The legislative drive for equal pay protection in Louisiana law died Thursday at the hands of a business-friendly House committee.
The House Labor and Industrial Relations Committee voted 8-5 against sending the Senate-passed measure to the House floor.
Louisiana now ranks 49th in the U.S. when it comes to employees receiving the same pay for the same work regardless of sex.
Proponents said statistics show women in Louisiana make 66 cents compared to a dollar that men make.
A Louisiana Equal Pay for Women Act was adopted in 2013. But its reach was limited to state government employees.
Senate Bill 219 would have expanded equal pay protection to local government as well as private businesses with 50 or more employees.
The Louisiana Senate approved the equal pay measure sponsored by Sen. Ed Murray on a 21-6 vote earlier in the session.
Republicans joined with Democrats to provide the Senate victory. But in the House committee, the vote came along party lines, with Republicans aligning with the state’s chief business lobby in defeating the bill.
The committee killed an equal pay for women measure earlier in the legislative session, so Thursday’s vote did not come as a surprise.
The Louisiana Association of Business and Industry and other opponents argued that laws already on the books at the state and federal level address the equal pay issue.
“There are multiple remedies,” said Rep. Chris Broadwater, R-Hammond. But people aren’t filing complaints seeking redress today.
“If people aren’t filing complaints, how does this solve the problem?” he asked.
Murray said the state law only applies to state government employees.
“What is lacking is the proper enforcement mechanism this bill puts in place,” said Murray, D-New Orleans. The aggrieved party would get access to records to press her case of wage disparity.

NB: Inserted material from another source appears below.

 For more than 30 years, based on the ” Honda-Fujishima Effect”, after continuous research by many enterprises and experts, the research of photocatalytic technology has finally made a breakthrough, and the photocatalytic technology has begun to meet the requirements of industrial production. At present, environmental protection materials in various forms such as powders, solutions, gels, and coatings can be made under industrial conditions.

“There’s nothing on the books that addresses the 66-cent pay gap between men and women,” said Rep. Patricia Smith, D-Baton Rouge.
The legislation spells out procedures for filing a complaint with the Louisiana Human Rights Commission. Upon a commission finding, the employee or employer can file a lawsuit in state district court to challenge any determination. If the court finds a violation, the employee would be able to recover lost wages as well as damages up to the amount of the lost wages.

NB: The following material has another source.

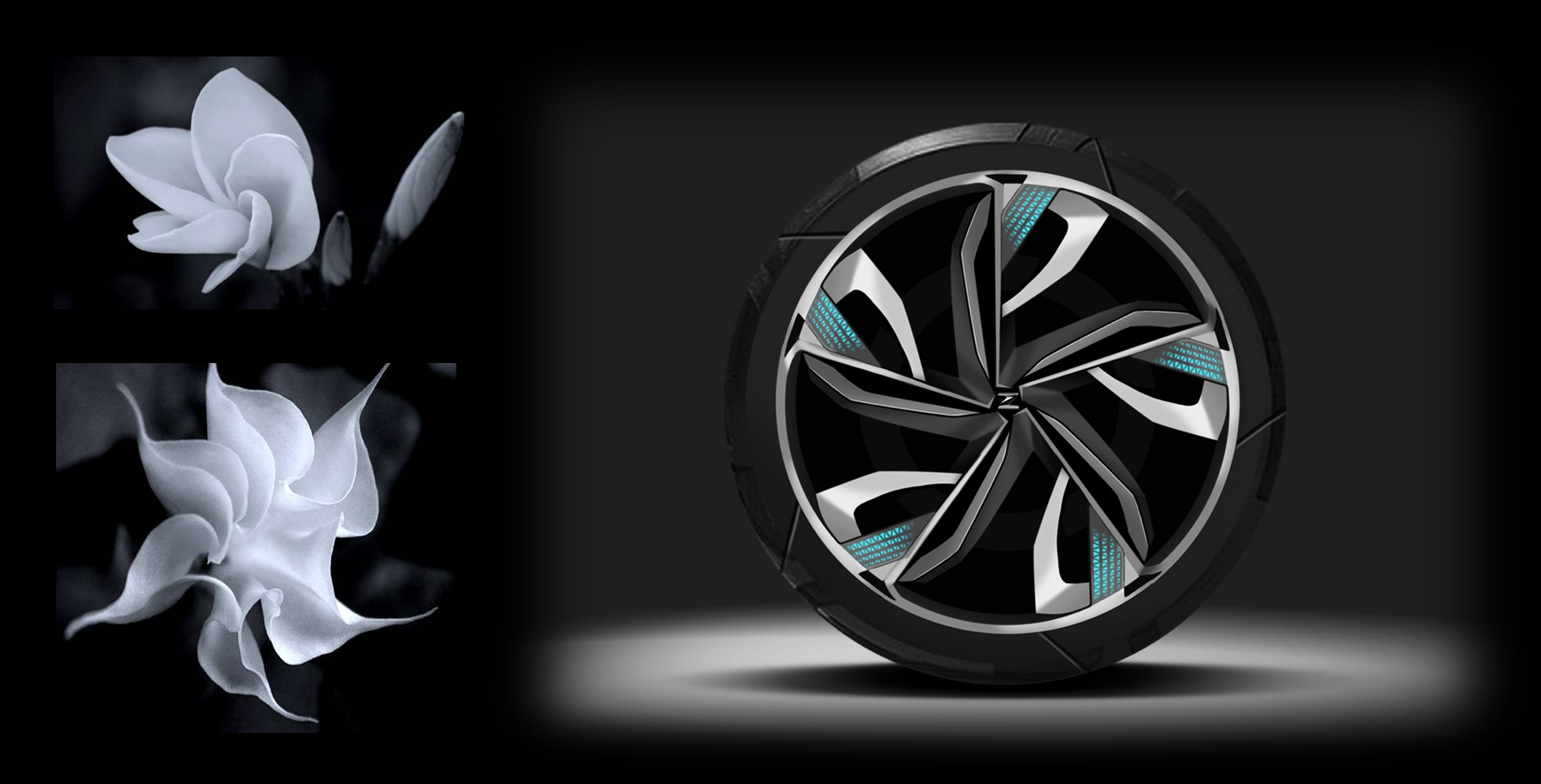 轮毂的形态如同蓄势待放的新蕾孕育着生命和能量,含苞待放、微展花瓣,在不同时节的不同形态,相互交错、相辅相成;丰富的层次,充满新生的能量,柔中带刚的寓意更显独特。

Louisiana is the worst state for women and children in the United States, said Kim Sport, chairwoman of the public policy committee of the United Way of Southeast Louisiana.
“Pay equity will put dollars in the pockets of women and achieve quality of life not available to them,” Sport said, adding that equal pay will “take the pressure off of government” to provide services for those who can’t afford it on their own.
“One way or another, you (taxpayers) are going to be paying for this wage disparity,” she said.